(GIVEN RECORDS begins)
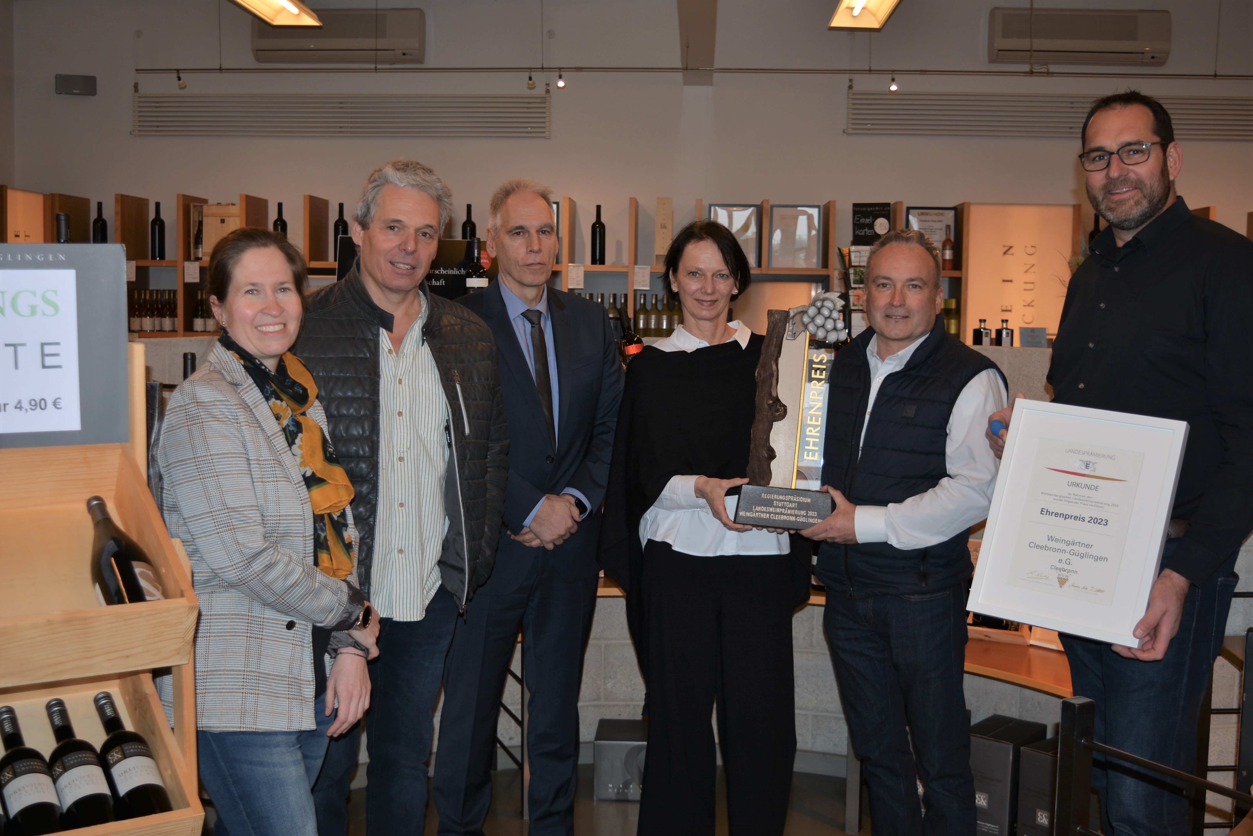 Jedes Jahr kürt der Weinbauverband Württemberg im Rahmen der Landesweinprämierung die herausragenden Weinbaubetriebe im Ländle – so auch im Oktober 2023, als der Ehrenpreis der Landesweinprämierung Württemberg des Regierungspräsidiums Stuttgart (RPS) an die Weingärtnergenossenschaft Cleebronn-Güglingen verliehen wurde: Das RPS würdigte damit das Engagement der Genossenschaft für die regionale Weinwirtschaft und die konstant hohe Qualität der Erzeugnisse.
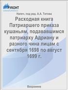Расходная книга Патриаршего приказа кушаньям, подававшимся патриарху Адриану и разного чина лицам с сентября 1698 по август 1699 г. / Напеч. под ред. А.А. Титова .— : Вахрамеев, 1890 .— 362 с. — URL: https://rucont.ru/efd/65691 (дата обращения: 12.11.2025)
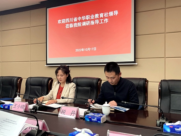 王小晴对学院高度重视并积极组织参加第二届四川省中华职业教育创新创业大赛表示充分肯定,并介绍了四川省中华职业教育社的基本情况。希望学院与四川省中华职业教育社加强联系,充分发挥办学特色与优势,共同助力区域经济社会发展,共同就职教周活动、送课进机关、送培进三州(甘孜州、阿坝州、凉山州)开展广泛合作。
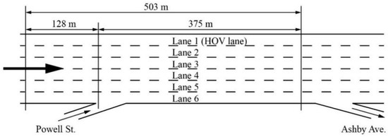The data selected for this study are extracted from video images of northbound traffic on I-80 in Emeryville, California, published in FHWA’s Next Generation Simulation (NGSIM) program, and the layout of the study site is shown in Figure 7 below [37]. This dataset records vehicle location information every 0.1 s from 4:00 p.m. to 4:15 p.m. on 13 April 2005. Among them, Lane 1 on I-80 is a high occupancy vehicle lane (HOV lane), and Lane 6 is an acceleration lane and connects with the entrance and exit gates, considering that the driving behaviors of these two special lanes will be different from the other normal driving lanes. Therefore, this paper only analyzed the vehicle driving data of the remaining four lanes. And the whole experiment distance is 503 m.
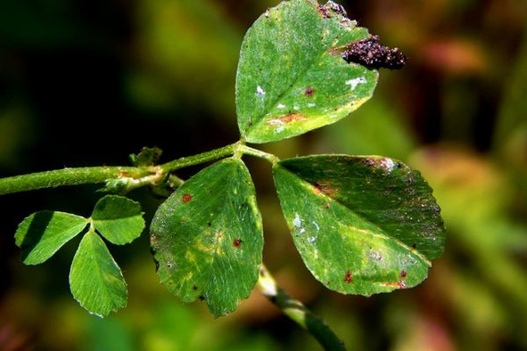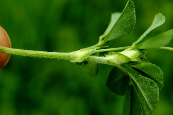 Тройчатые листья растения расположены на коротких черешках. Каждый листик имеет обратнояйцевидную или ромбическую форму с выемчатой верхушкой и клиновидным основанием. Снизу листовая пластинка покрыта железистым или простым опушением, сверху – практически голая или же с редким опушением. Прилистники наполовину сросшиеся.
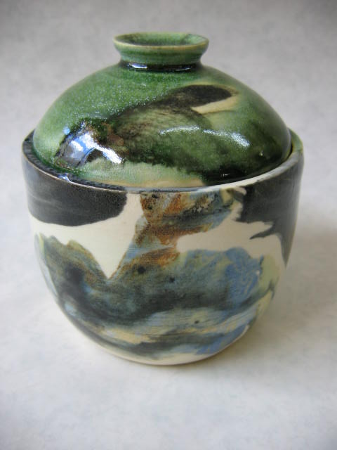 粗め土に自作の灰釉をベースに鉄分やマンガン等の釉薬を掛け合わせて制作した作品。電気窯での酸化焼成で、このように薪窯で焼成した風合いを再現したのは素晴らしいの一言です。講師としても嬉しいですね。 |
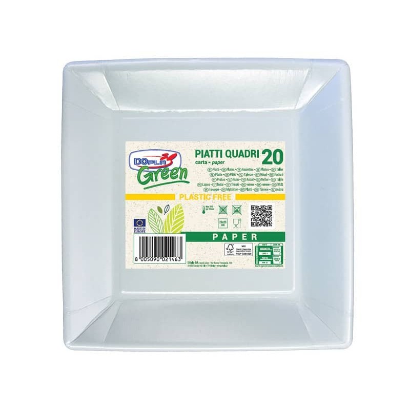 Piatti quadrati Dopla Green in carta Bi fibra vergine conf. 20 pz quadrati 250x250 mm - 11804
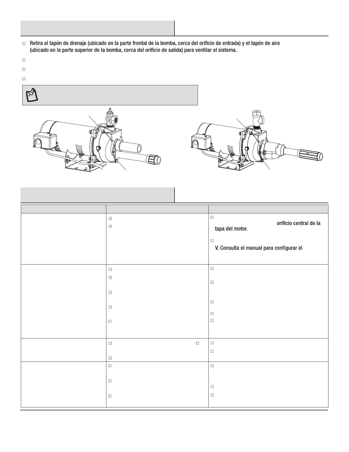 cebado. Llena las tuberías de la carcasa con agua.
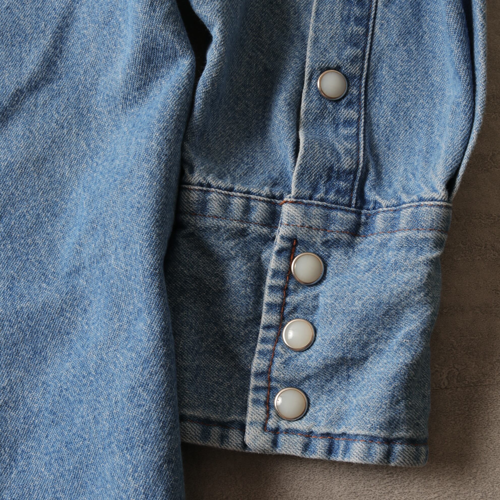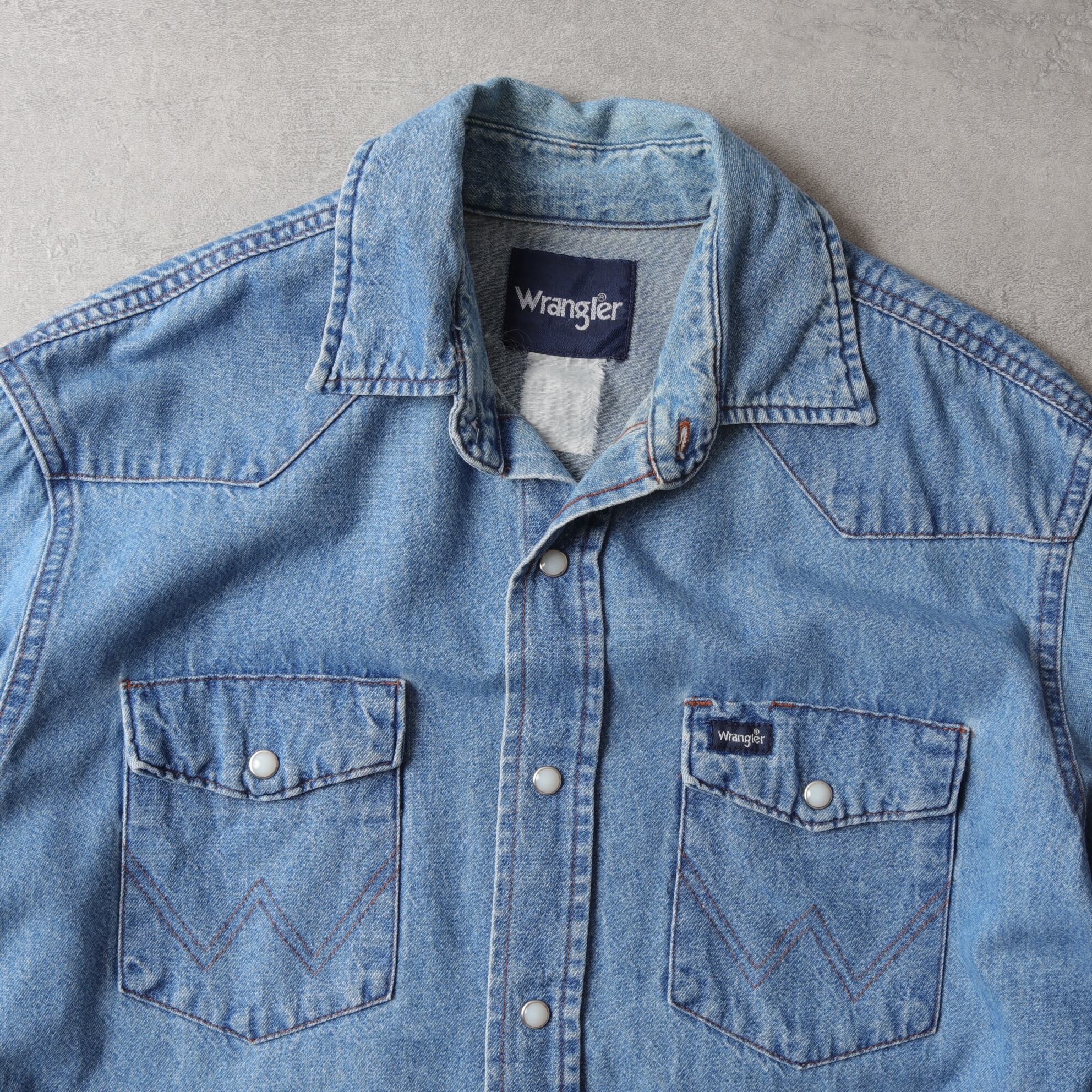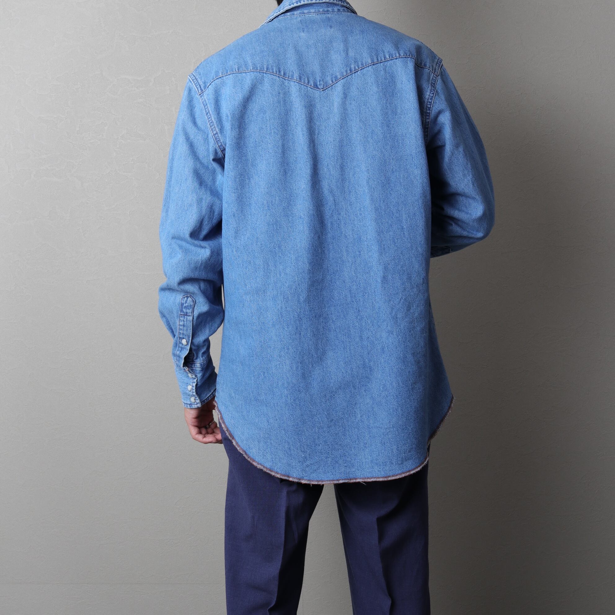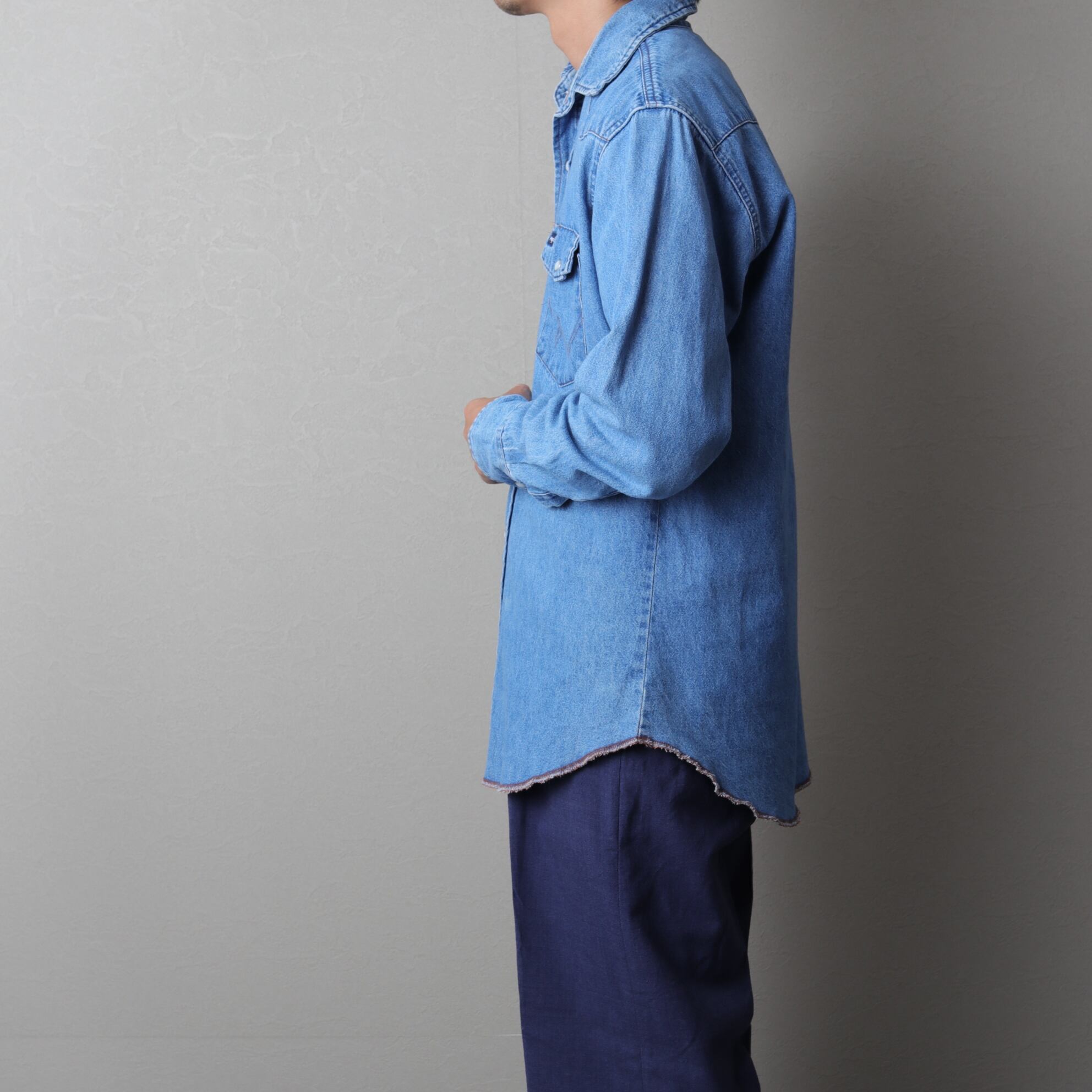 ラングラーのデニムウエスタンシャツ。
(GIVEN RECORDS ends)
■ WORK INSTRUCTION: Every line above in the stretch from the one with "Тройчатые листья растения" through the one with "粗め土に自作の灰釉をベースに" is to be transcribed exactly, ends included. No picture is copied.

■ WRITTEN ANSWER:
 Тройчатые листья растения расположены на коротких черешках. Каждый листик имеет обратнояйцевидную или ромбическую форму с выемчатой верхушкой и клиновидным основанием. Снизу листовая пластинка покрыта железистым или простым опушением, сверху – практически голая или же с редким опушением. Прилистники наполовину сросшиеся.
 粗め土に自作の灰釉をベースに鉄分やマンガン等の釉薬を掛け合わせて制作した作品。電気窯での酸化焼成で、このように薪窯で焼成した風合いを再現したのは素晴らしいの一言です。講師としても嬉しいですね。 |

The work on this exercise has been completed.